------ SUPPLIED ENTRIES

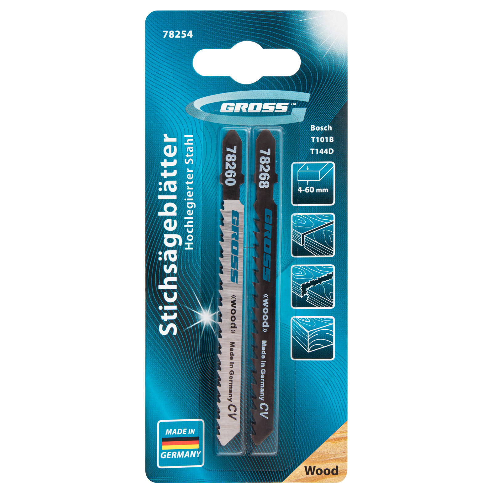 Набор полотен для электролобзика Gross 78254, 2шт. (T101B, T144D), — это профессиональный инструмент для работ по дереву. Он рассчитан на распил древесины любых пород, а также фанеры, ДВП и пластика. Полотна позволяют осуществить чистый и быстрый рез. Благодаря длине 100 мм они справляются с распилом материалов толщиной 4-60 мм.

------------
------ SUPPLIED ENTRIES

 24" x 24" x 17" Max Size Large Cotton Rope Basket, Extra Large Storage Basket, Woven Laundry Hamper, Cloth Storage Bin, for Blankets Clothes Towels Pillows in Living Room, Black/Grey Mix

------------
------ SUPPLIED ENTRIES

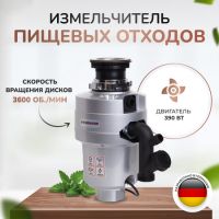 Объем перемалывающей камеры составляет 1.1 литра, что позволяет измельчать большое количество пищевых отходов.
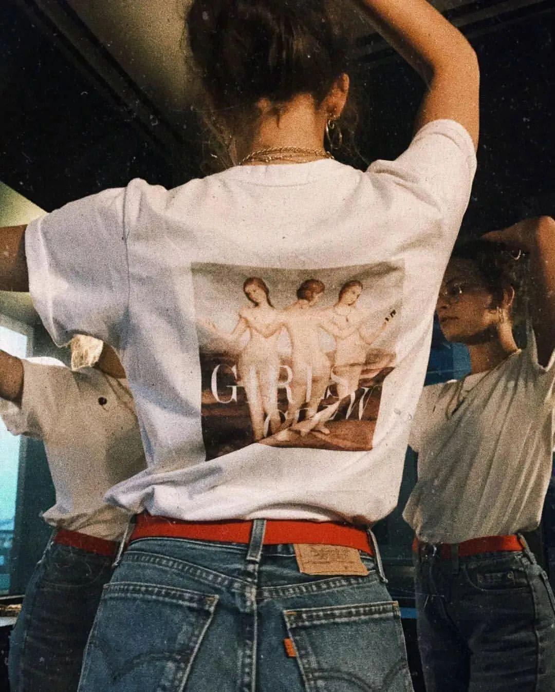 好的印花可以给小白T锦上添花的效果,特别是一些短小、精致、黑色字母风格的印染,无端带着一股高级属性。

------------

§ YOUR OBJECTIVE
Leave out the images and write out the lines above exactly, from the one with "Объем перемалывающей камеры" up to and including the one with "好的印花可以给小白T锦上添花".

§ FINAL ANSWER
 Объем перемалывающей камеры составляет 1.1 литра, что позволяет измельчать большое количество пищевых отходов.
 好的印花可以给小白T锦上添花的效果,特别是一些短小、精致、黑色字母风格的印染,无端带着一股高级属性。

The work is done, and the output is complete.